Why it matters: Apple's new M3 products push the emerging Arm PC sector to the next level, but the cheapest MacBook in the lineup is a $1,600 notebook with only 8GB of unified memory. Many consider 16GB the current standard and arguably the minimum for intense workloads, but Apple thinks its RAM is different.

Apple has defended its decision to continue releasing new MacBook Pro models with only 8GB of RAM. Apple's VP of Worldwide Product Marketing Bob Borcher asserts that Apple's efficiency gains make 8GB in its products equivalent to the performance of 16GB in other systems.

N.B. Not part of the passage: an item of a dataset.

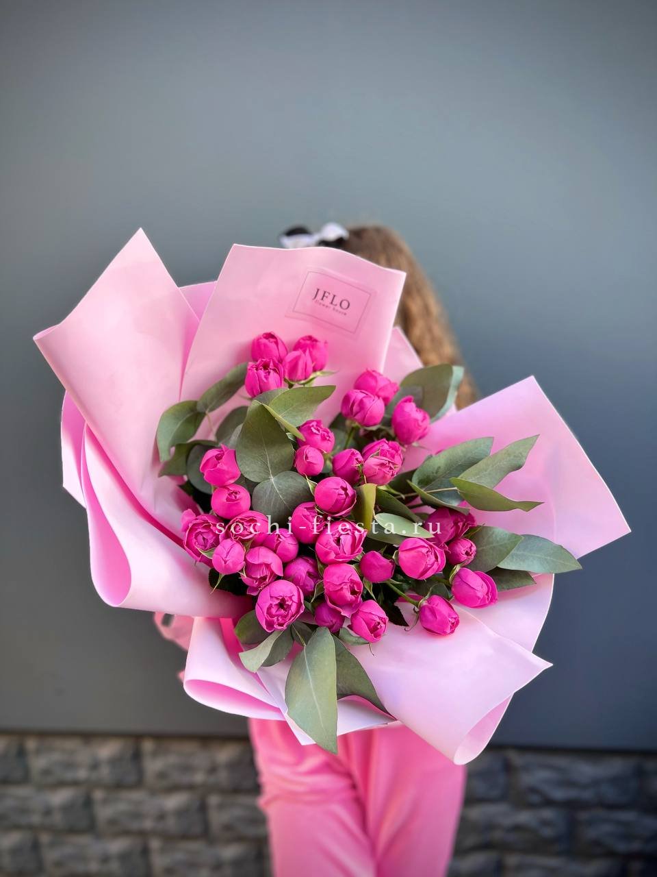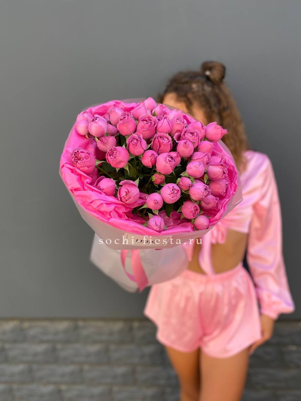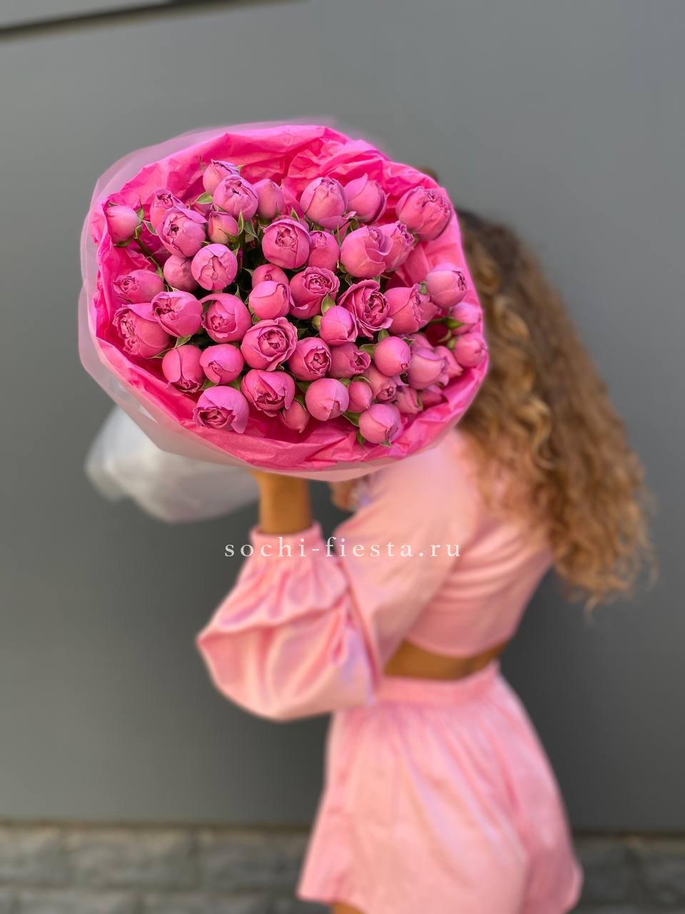 пионовидные розы кустовые мисти баблс в малиновом оформлении.

The cheapest M3 MacBook is the 14-inch MacBook Pro that features 8GB of unified memory but costs $1,599. Meanwhile, PC users can easily find more affordable notebooks with 16GB of system RAM and additional VRAM. While unified memory offers some advantages over socketed RAM, 8GB is still a smaller pool for the CPU and GPU to share.

Borcher's comments came in an interview with content creator Lin Yi (above). The executive suggested that Apple users shouldn't worry about the base M3 notebook's capacity for heavy workloads because it manages RAM more efficiently than Windows products.

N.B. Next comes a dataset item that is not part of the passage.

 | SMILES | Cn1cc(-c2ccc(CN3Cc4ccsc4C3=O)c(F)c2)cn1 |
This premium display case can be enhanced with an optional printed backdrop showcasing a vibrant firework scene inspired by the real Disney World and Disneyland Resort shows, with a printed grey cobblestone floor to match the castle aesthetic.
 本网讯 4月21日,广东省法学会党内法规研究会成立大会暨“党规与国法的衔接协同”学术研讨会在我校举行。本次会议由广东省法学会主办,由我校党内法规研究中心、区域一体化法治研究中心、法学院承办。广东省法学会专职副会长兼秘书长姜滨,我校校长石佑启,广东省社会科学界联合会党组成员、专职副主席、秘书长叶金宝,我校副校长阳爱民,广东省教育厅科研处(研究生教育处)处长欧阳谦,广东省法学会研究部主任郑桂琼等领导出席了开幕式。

While he didn't mention specific applications or performance numbers, Borcher asked customers to look beyond system specs. Testing his claims would likely require deep-dive benchmarks comparing specific memory-intensive applications on the 8GB Macbook Pro versus a roughly equivalent 16GB Windows notebook.

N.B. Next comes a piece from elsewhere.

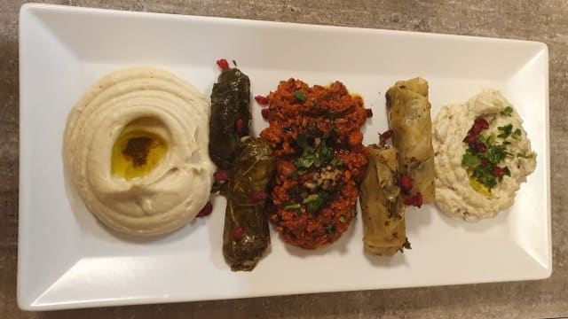 3 variétés de rissoles (fromage, viande hachée de bœuf, épinard) kebbeh à la viande hachée de bœuf, houmous, moutabal, tabouleh, feuilles de vignes et un pain maison.

One ingredient of M3's "secret sauce" might be Dynamic Caching, a feature Apple unveiled in its M3 presentation last month. Unlike traditional GPUs, which allocate memory based on the neediest tasks, Dynamic Caching allocates RAM in real-time, giving each application only the exact amount it needs.

Apple designed Dynamic Caching to increase GPU utilization, particularly improving game and rendering performance. It also helps with hardware-accelerated ray tracing, which makes its Mac debut with M3 and is known to require significant amounts of GPU memory and bandwidth.

The interview also broached Apple's approach to AI and machine learning (ML), which has been more cautious than initiatives from Google, Microsoft, and other Big Tech companies. Borcher said Apple focuses less on talking about the technologies than on the tasks they might enable for users. The M3 processors include hardware dedicated to AI and ML, and the company is currently spending millions on developing AI projects in-house.